> _GIVEN RECORDS_
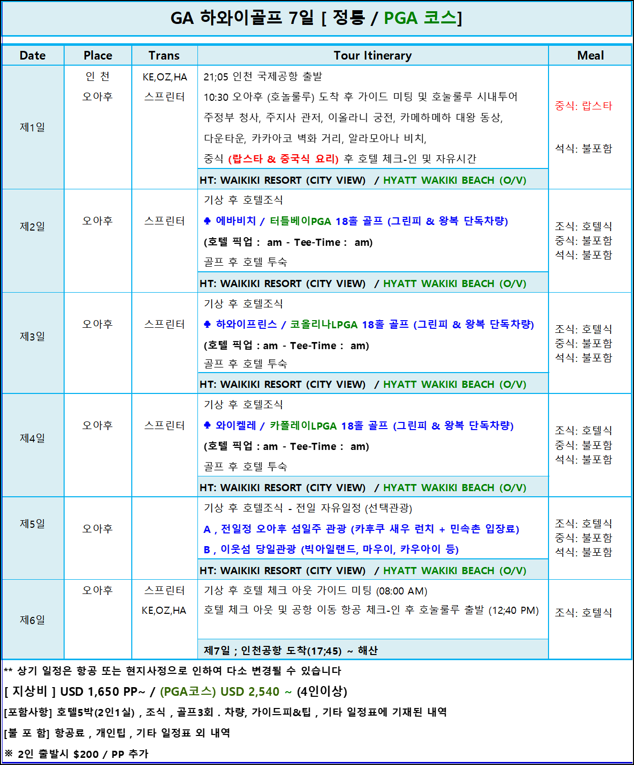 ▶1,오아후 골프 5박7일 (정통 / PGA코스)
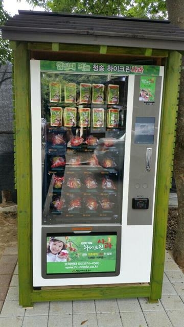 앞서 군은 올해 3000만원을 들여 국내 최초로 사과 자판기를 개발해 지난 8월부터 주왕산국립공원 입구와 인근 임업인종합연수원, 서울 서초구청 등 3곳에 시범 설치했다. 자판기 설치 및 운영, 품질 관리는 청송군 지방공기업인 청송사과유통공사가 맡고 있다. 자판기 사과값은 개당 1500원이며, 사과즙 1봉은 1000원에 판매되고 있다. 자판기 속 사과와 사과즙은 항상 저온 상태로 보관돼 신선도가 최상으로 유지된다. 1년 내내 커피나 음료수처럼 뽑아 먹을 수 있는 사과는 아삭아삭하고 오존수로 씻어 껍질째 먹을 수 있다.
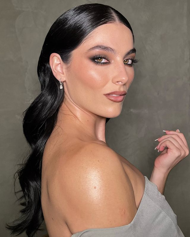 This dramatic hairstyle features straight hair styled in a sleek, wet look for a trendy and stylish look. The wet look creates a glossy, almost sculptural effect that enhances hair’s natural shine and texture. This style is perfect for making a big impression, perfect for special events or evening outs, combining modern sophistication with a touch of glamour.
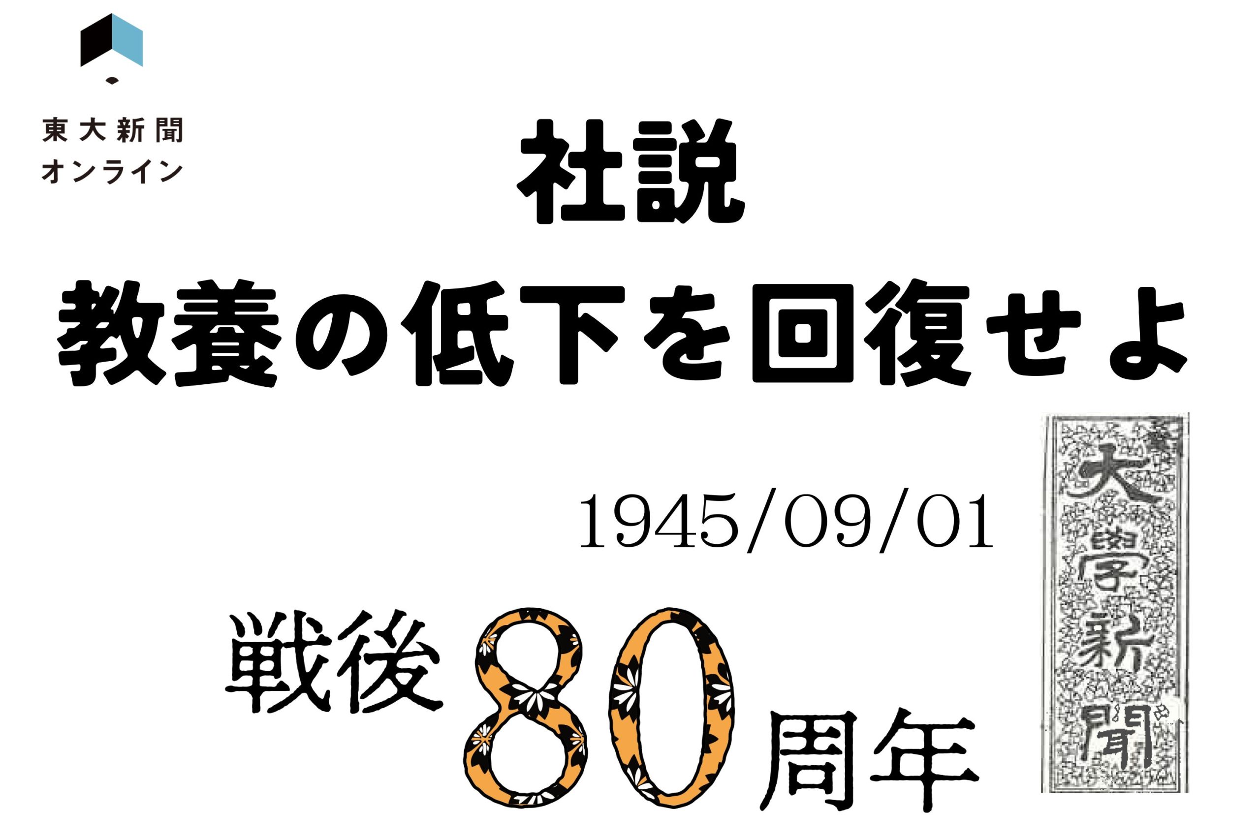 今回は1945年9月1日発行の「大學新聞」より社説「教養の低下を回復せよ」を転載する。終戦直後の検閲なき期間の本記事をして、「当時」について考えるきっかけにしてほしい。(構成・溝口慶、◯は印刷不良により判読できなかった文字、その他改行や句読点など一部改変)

---

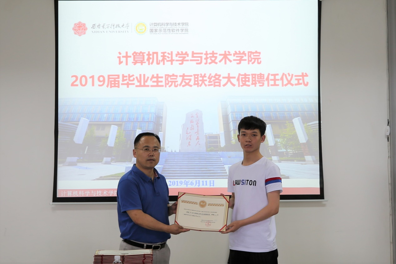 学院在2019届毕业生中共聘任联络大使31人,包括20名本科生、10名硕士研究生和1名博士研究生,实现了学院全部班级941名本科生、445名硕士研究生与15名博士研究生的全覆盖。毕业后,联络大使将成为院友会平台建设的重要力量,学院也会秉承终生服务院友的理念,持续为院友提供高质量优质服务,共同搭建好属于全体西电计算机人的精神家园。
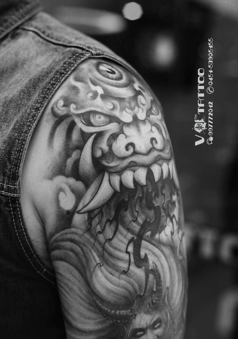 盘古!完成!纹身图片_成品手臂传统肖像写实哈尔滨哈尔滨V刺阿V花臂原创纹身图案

> _TASK DETAILS_
What you write must match the listing exactly, from the line with "(정통 / PGA코스)" up to and including the line with "今回は1945年9月1日発行". Pictures stay out.

> _ANSWER AREA_
 ▶1,오아후 골프 5박7일 (정통 / PGA코스)
 앞서 군은 올해 3000만원을 들여 국내 최초로 사과 자판기를 개발해 지난 8월부터 주왕산국립공원 입구와 인근 임업인종합연수원, 서울 서초구청 등 3곳에 시범 설치했다. 자판기 설치 및 운영, 품질 관리는 청송군 지방공기업인 청송사과유통공사가 맡고 있다. 자판기 사과값은 개당 1500원이며, 사과즙 1봉은 1000원에 판매되고 있다. 자판기 속 사과와 사과즙은 항상 저온 상태로 보관돼 신선도가 최상으로 유지된다. 1년 내내 커피나 음료수처럼 뽑아 먹을 수 있는 사과는 아삭아삭하고 오존수로 씻어 껍질째 먹을 수 있다.
 This dramatic hairstyle features straight hair styled in a sleek, wet look for a trendy and stylish look. The wet look creates a glossy, almost sculptural effect that enhances hair’s natural shine and texture. This style is perfect for making a big impression, perfect for special events or evening outs, combining modern sophistication with a touch of glamour.
 今回は1945年9月1日発行の「大學新聞」より社説「教養の低下を回復せよ」を転載する。終戦直後の検閲なき期間の本記事をして、「当時」について考えるきっかけにしてほしい。(構成・溝口慶、◯は印刷不良により判読できなかった文字、その他改行や句読点など一部改変)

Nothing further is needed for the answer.